M
Marnen Laibow-Koser
Greg said:Just hopping on this thread after reading through the various takes on
things. For me, I love using Ruby for quick and dirty scripting. The
language itself is compact, intuitive, and doesn't clutter up my
coding needlessly. But one of the big frustrations I've experienced in
the past is trying to come up with a GUI app using it. This started
back about 5 years ago now, when I was looking out there at the
various Ruby GUI toolkits. Trying them out, none of them really seemed
to reach out and grab me. Took the wind out of my sails for sure.
That was around the time Rails was just coming out, and so there wasn't
the level of interest on Ruby that there is now. From what I can tell,
there's been a lot going on with Ruby GUI tools in the last 2-3 years.

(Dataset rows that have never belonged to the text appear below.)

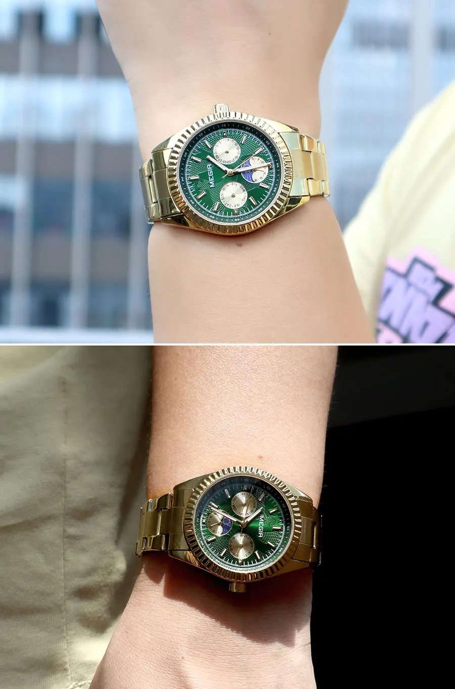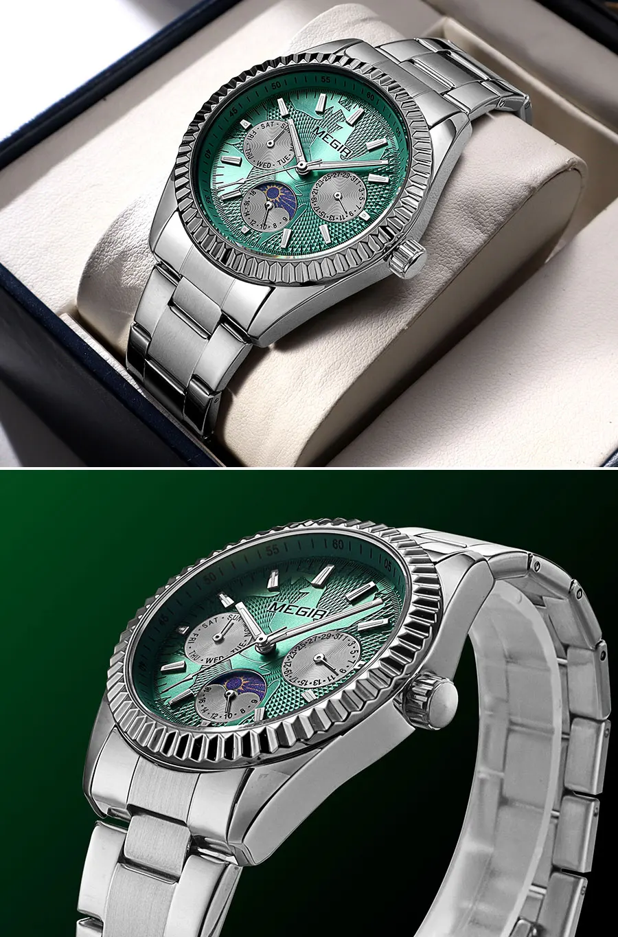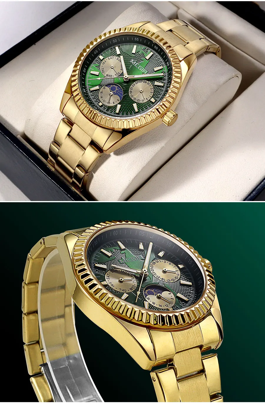 MEGIR Men's Quartz Watch with Stainless Steel Strap Fashion Business Style Wristwatch with Day Date 24-Hour Moon Phase Function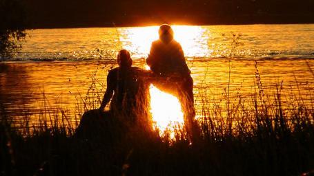 Keywords: silhouette lovers light rays atmosphere abstract reflection water sunbeam setting rest love
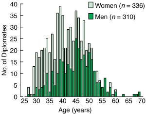 Diplomates constituted 15% of the calculated full-time-equivalent GPs in Victoria (Ms Luisa Abiuso, Senior Policy Officer, Workforce Policy Service and Workforce Planning, Department of Human Services, Victoria, personal communication). Diplomates comprised 52% women and 48% men. Compared with the overall sex distribution of Victorian GPs, Diploma training is more likely to attract women (odds ratio [OR], 2.0; 95% CI, 1.1–3.5).10 The age distribution of Diplomates was not uniform (z = 2.04; P < 0.000). Their median age was 42 years (Box 1), and Diplomates aged under 45 years were more likely to be female (OR, 4.2; 95% CI, 2.9–5.9).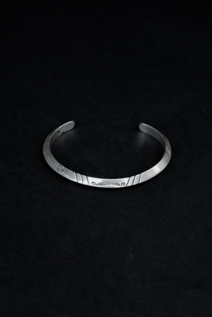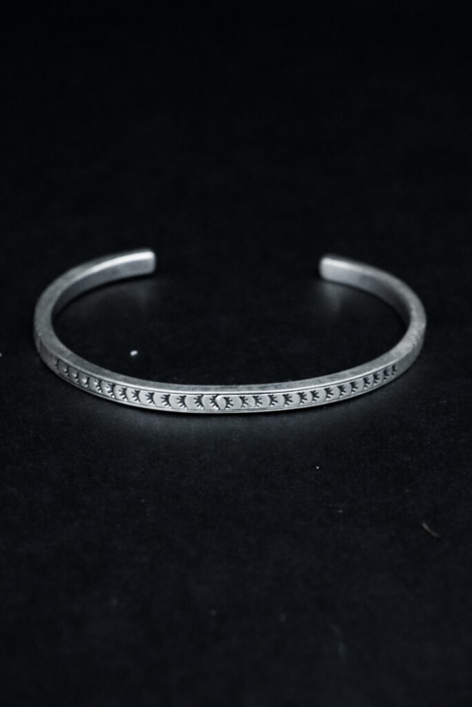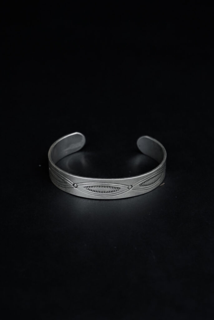 ナバホバングルにもよく見られるオーセンティックなアイテムです。今回はスタンプの柄違いで2型ご用意ができました。一本は持っておきたい間違いないアイテム。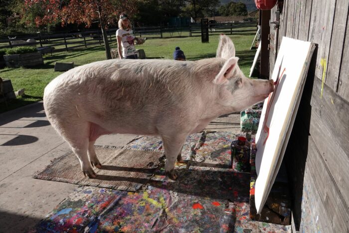 Für Lefson ist Pigcassos Begabung Mittel zum Zweck. Die Erlöse der Kunstwerke fließen zurück in den Gnadenhof, sagt Lefson, um den würdevollen Lebensabend Dutzender Bauernhoftiere zu finanzieren, die ursprünglich auf dem Abendbrotteller hätten landen sollen. «Mir geht es um weit mehr als Pigcassos Berühmtheit. Ich will zeigen, dass Schweine Wert haben, dass sie es verdienen, besser behandelt zu werden», sagt Lefson.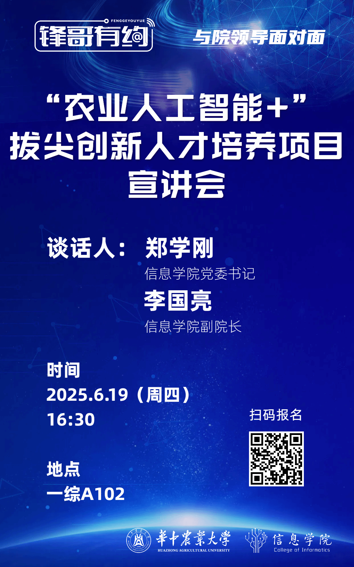 “锋哥有约”之与院领导面对面:"农业人工智能+"拔尖创新人才培养项目宣讲会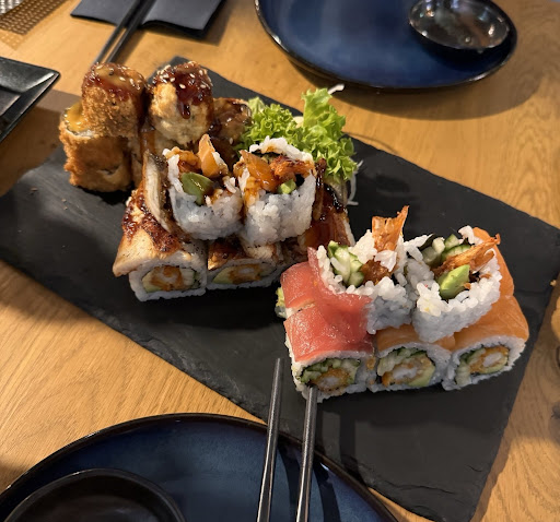 Read moreIch kann dieses Restaurant leider nicht empfehlen. Wir waren heute dort für ein spätes Mittagessen und haben Sushi, eine Suppe und ein Tatar bestellt. Die Suppe war okay, aber nichts Besonderes, das Tatar war allerdings ziemlich seltsam – es bestand aus viel Grünzeug und wenig Fisch. Trotzdem konnte man diese beiden Gerichte essen, wenn man hungrig ist und keine andere Wahl hat. Was die Sushi betrifft, waren die Dragon-Sushi schlechter als bei Edeka's Happy Sushi, und ich übertreibe nicht. Sie hatten keinen Geschmack, der Reis war seltsam, und es war schwierig, sie zu essen, ohne dass sie auseinanderfielen. Wir hatten auch eine Portion Tempura, und diese war wirklich schlecht. Der Geschmack war sehr eigenartig, nichts wie normale Tempura, wir konnten nicht einmal diese eine Portion fertig essen. Ich war schon einmal dort, als sie gerade eröffnet hatten, und mein zweiter Besuch war heute. Ich kann sagen, dass sie sich nicht verbessert haben, sondern eher das Gegenteil eingetreten ist. Die Kellnerin war freundlich und die Atmosphäre ist nett, aber das macht die niedrige Qualität des Hauptprodukts leider nicht wett. Ich bin bereit, einen höheren Preis zu zahlen, wenn das eine anständige Qualität des Essens bedeutet. Natürlich sind die Preise hier nicht hoch, aber meiner Meinung nach ist es besser, höhere Preise zu haben und dafür ein besseres Produkt zu bieten als das. Ich komme...
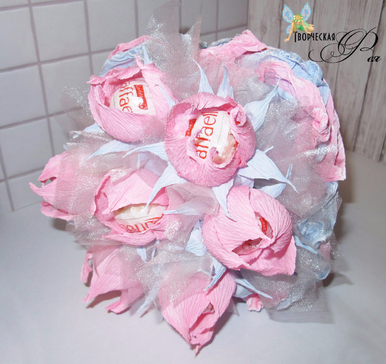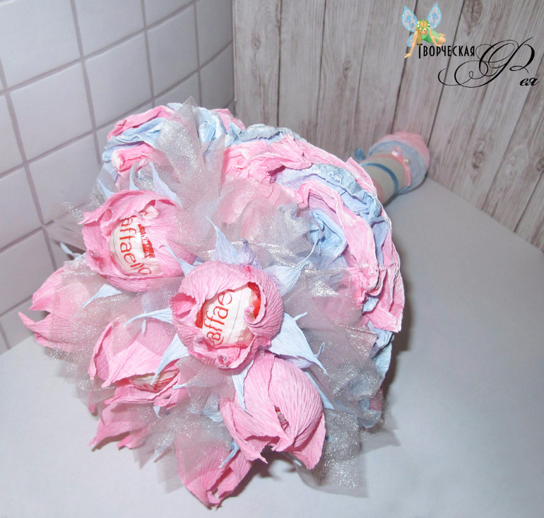 Всем добрый вечер! Продаю букет из конфет Ванильное небо. В букете 7 конфет Рафаэлло. Высота букета 37 см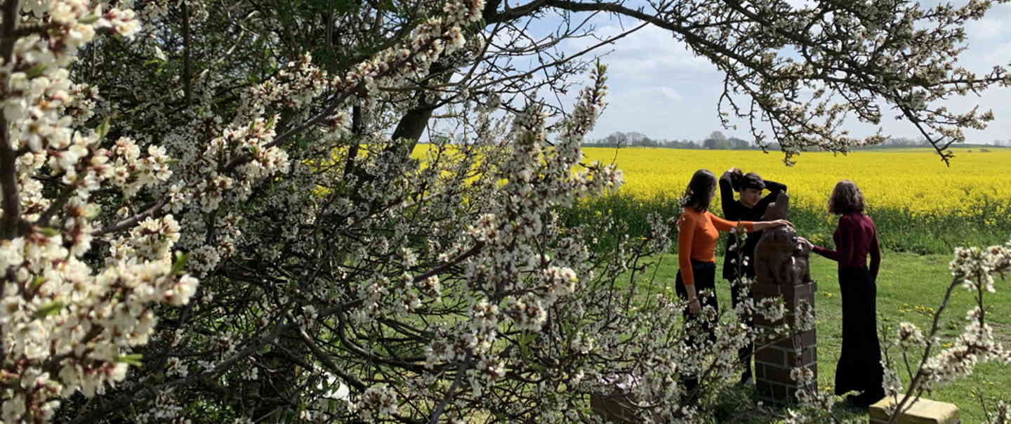 „Inzwischen habe ich sie schon zu allen Jahreszeiten getroffen – das Mädchen mit der Flöte, die Frau mit Blume, den Mann mit Segelschiff, den Jungen mit Vogel, die spielenden Hunde und mich immer gut mit ihnen unterhalten. Es braucht keine Verabredung, keine Terminabsprache – trotzdem sind sie zuverlässig da, wenn ich mit ihnen zusammen sein möchte. Wo? Auf dem Skulpturenweg am Salzhaff! Vielleicht haben Sie schon eine der liebenswerten Figuren von Dörte Michaelis besonders ins Herz geschlossen. Oder noch gar keine Gelegenheit gehabt, sie zu finden – unterwegs in den umliegenden Dörfern. So oder so möchte ich Sie einladen, sie mit mir gemeinsam zu besuchen und sich von ihnen und der Landschaft inspirieren zu lassen. Wir wollen erinnern, fantasieren, erzählen, Geschichten schreiben oder Gedichte. Wir treffen uns bei schönem Wetter am Skulpturenweg und nehmen uns Zeit – für eine Skulptur, die Landschaft und füreinander. Sitzgelegenheiten an den Skulpturen laden ein, direkt Vorort mit dem Schreiben zu beginnen. Als Schriftstellerin bin ich für Sie und Ihre Geschichte da! Auch, wenn Sie nach unserem Treffen zu Hause weiter schreiben möchten. Ihre Geschichten können in einer Broschüre veröffentlicht werden und im Herbst diesen Jahres erscheinen. Verabreden möchte ich mich mit Ihnen dazu individuell – einzeln oder in kleinen Gruppen. Wählen Sie gern einen Termin vom 26.07. bis 6.08. und kontaktieren Sie mich unter c.blazejewski@wilder-norden-film.de und unter 0176- 57673681.“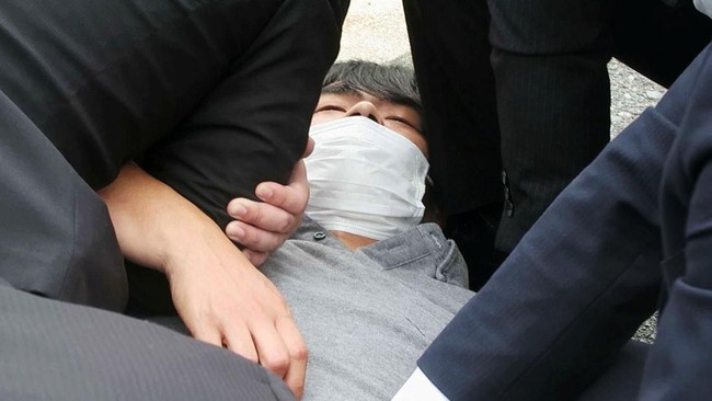 Tak lama setelah Abe tumbang, polisi menangkap seorang pria terkait penembakan Abe. Dilansir CNN, foto-foto penangkapan pria itu tersebar di media sosial. Pria yang belakangan diketahui sebagai eks angkatan laut Jepang itu tampak dipegangi oleh sejumlah petugas.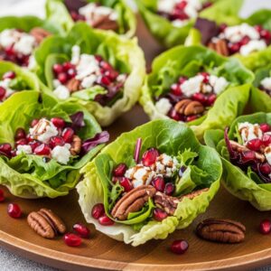 Turn a simple salad into a bite-sized snack by filling mini lettuce cups or endive leaves with spinach, feta, walnuts, and pomegranate seeds.

When I think of GUI programming and using an IDE for such I think of
drag and drop widgets, automated event bindings, etc. But after
banging my head against my desk I had to resort to my tried and true
Visual Studio install using Visual C#.
I don't think I can even consider that for a project that has to not
just run on Windows.
Since Ruby took a good amount of its inspiration and foundation in
Smalltalk, I'd look at that as an example where a dynamic programming
language can have a tightly integrated GUI development environment and
pull it off well. It is possible, and to me that is one of the main
things holding Ruby back from "the big time" in terms of standing toe
to toe against Java, C#, and other languages.
Smalltalk may well be my second choice for this project, if I can't find
the tools to do it in Ruby. But I actually would prefer Ruby.